Information supplied below:

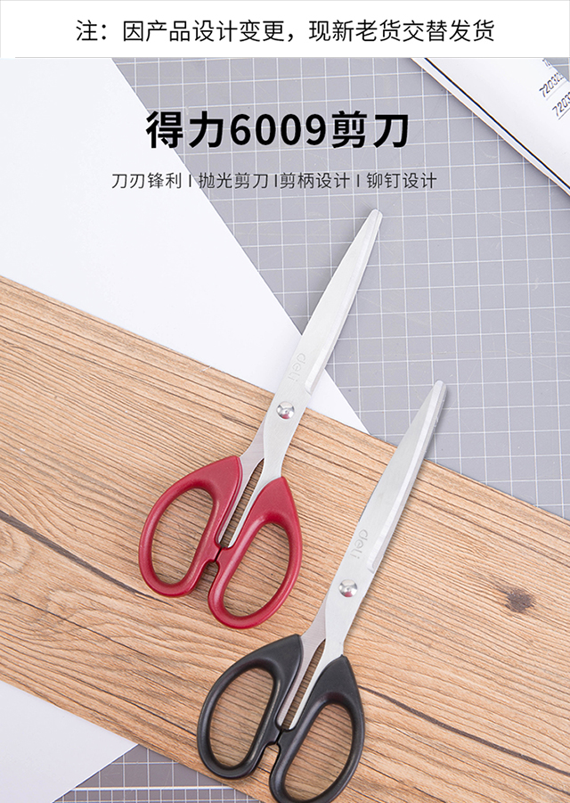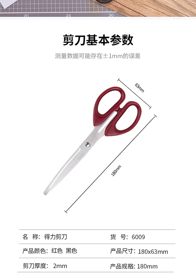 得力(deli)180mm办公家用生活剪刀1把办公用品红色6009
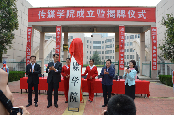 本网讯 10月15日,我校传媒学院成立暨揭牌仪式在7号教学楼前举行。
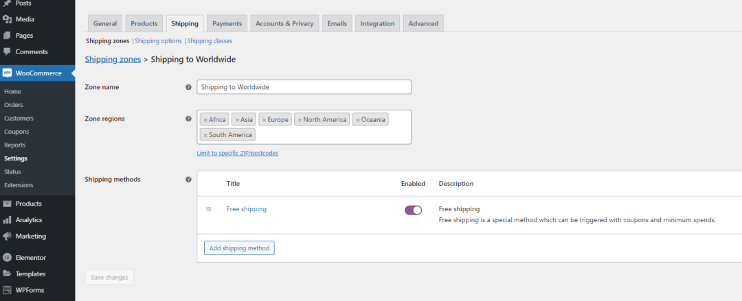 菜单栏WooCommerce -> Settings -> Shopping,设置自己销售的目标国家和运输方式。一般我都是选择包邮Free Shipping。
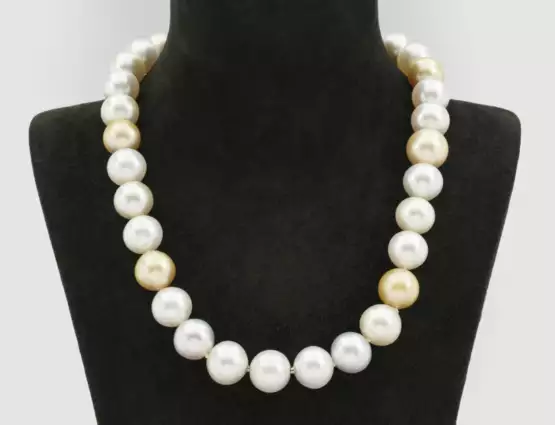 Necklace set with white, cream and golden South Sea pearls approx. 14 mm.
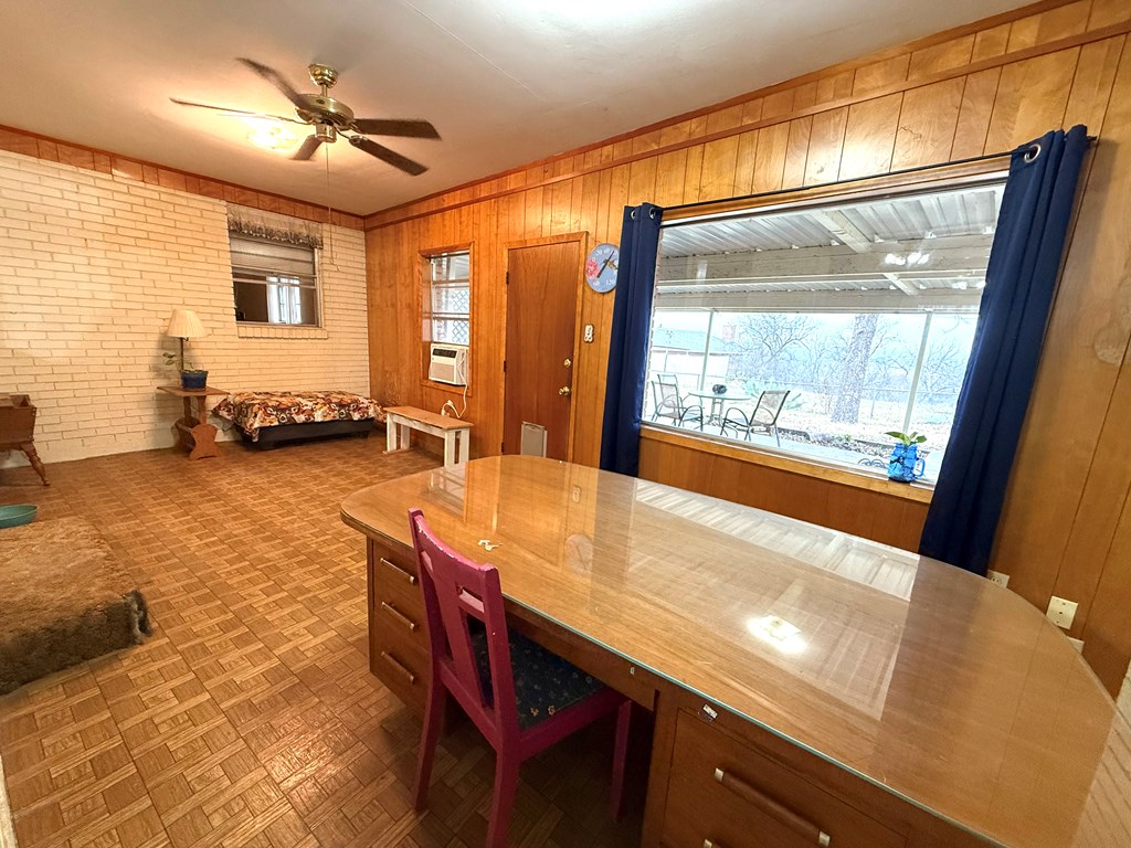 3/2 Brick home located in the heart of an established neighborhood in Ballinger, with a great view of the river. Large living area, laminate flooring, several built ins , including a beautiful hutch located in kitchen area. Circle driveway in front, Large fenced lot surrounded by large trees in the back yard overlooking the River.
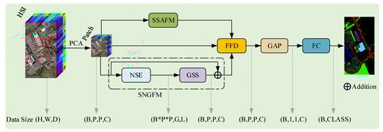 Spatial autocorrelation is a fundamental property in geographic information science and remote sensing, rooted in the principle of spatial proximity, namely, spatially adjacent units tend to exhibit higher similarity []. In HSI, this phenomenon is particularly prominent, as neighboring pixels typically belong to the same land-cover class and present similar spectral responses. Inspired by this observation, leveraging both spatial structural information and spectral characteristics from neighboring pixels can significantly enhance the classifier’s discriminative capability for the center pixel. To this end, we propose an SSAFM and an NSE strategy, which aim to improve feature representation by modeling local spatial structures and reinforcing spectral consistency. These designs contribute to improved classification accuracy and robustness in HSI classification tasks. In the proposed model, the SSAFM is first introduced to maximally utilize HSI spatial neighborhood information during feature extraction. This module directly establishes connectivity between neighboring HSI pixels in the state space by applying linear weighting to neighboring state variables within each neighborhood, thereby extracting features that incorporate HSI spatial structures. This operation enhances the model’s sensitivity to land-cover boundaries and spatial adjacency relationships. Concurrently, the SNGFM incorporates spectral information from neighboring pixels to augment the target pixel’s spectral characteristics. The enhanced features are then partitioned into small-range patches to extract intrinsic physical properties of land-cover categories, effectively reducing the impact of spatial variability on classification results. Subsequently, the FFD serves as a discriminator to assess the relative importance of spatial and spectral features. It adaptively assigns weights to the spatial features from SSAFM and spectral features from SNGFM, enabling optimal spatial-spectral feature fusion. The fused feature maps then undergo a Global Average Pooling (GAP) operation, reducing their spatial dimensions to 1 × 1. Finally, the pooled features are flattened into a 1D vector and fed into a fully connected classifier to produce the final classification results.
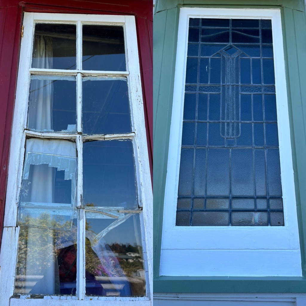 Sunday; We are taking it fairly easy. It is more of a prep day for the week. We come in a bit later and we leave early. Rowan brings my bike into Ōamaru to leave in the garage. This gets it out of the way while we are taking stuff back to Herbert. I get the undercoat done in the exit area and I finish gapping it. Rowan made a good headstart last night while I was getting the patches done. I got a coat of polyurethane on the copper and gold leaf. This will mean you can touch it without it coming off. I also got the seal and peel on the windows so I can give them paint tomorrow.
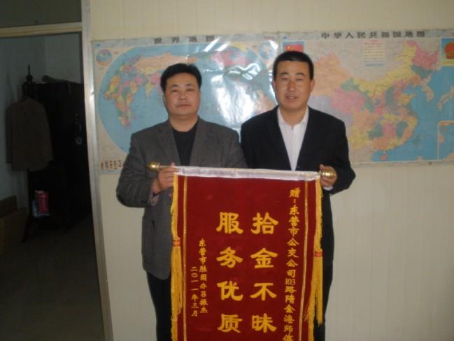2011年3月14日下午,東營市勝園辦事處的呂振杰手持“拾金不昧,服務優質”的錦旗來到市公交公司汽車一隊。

End of Information supplied.
Information supplied below:

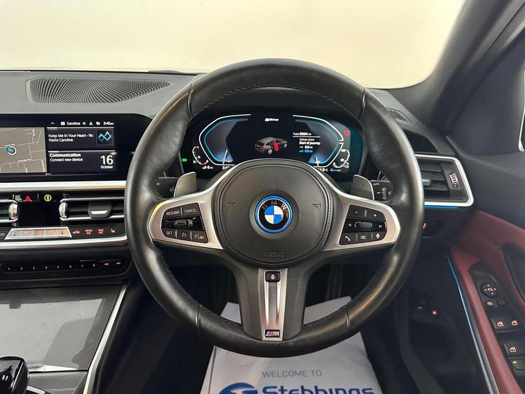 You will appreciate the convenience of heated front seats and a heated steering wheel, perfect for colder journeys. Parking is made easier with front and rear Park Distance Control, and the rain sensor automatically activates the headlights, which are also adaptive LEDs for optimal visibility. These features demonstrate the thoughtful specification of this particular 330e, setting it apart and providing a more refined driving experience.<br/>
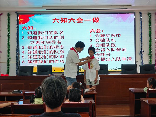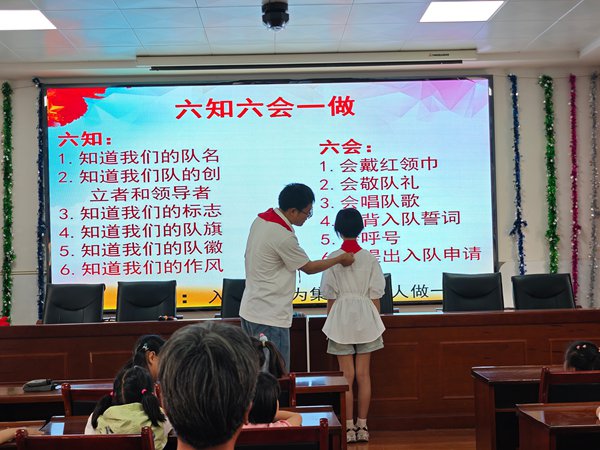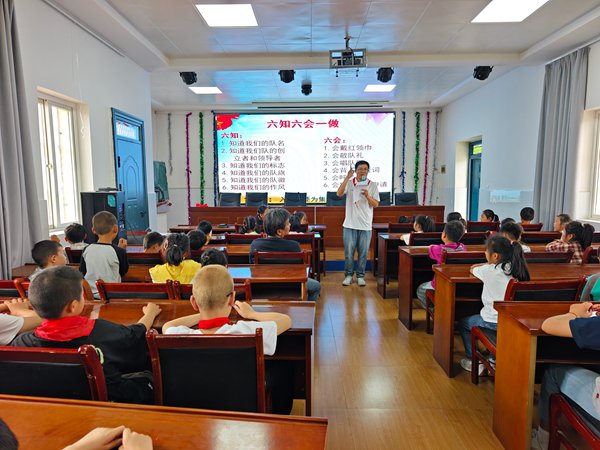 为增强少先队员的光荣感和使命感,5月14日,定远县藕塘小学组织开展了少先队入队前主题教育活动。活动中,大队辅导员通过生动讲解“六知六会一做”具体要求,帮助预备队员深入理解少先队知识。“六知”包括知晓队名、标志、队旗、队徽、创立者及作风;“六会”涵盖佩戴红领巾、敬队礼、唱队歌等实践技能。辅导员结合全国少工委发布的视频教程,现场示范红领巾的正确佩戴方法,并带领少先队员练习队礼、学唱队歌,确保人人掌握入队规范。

End of Information supplied.
Information supplied below:

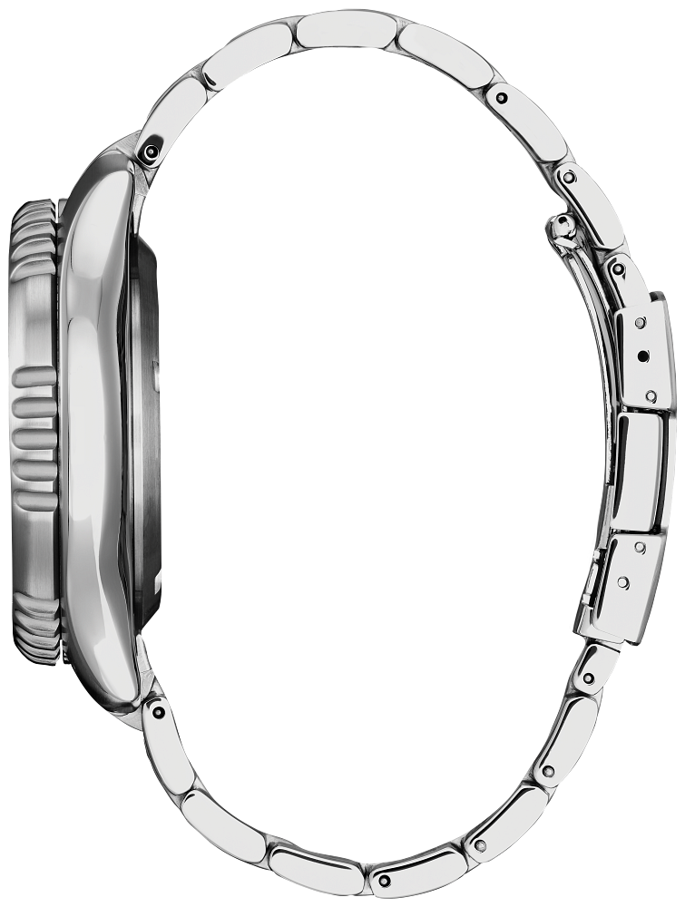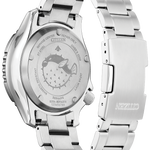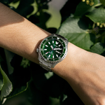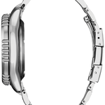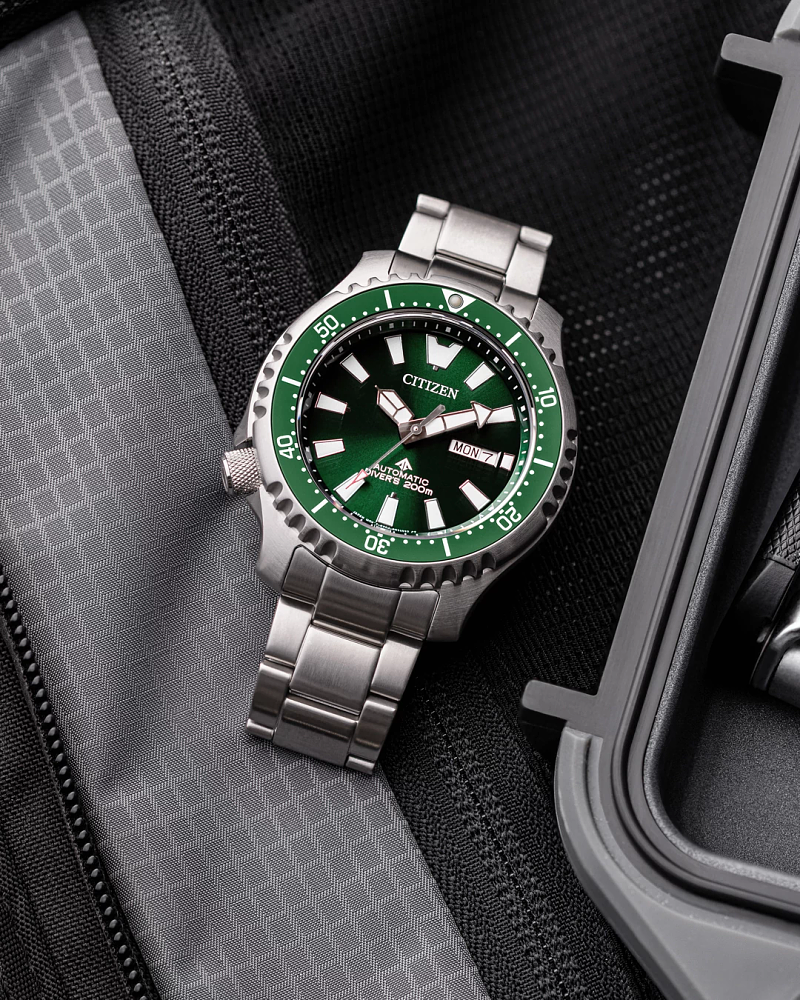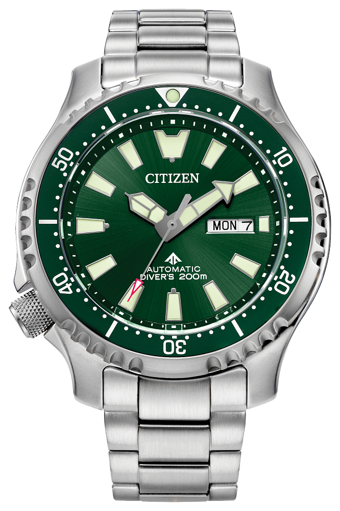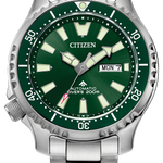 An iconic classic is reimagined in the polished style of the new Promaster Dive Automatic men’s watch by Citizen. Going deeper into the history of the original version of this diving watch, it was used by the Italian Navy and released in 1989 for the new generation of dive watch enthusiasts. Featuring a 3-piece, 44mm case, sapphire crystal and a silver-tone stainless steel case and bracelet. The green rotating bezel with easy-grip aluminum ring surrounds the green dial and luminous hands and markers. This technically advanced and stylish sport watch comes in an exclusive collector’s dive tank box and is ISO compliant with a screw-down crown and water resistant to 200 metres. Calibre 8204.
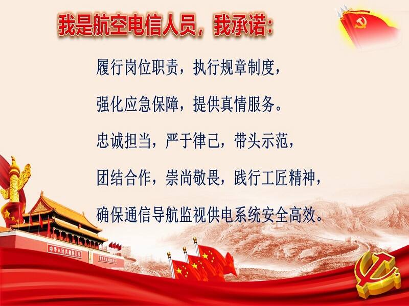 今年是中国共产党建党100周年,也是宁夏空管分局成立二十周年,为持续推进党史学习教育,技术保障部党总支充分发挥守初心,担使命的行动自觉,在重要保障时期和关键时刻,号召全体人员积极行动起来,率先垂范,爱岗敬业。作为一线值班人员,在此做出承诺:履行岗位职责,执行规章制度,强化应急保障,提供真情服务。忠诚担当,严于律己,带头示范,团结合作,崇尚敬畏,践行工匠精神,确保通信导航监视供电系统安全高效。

End of Information supplied.

## [What you are asked to do]
Your copy should hold only the lines above from the one containing "得力(deli)180mm办公家用生活剪刀1把办公用品红色6009" through the one containing "3/2 Brick home", exactly as written and free of pictures.

## [Solution for this problem]
 得力(deli)180mm办公家用生活剪刀1把办公用品红色6009
 本网讯 10月15日,我校传媒学院成立暨揭牌仪式在7号教学楼前举行。
 菜单栏WooCommerce -> Settings -> Shopping,设置自己销售的目标国家和运输方式。一般我都是选择包邮Free Shipping。
 Necklace set with white, cream and golden South Sea pearls approx. 14 mm.
 3/2 Brick home located in the heart of an established neighborhood in Ballinger, with a great view of the river. Large living area, laminate flooring, several built ins , including a beautiful hutch located in kitchen area. Circle driveway in front, Large fenced lot surrounded by large trees in the back yard overlooking the River.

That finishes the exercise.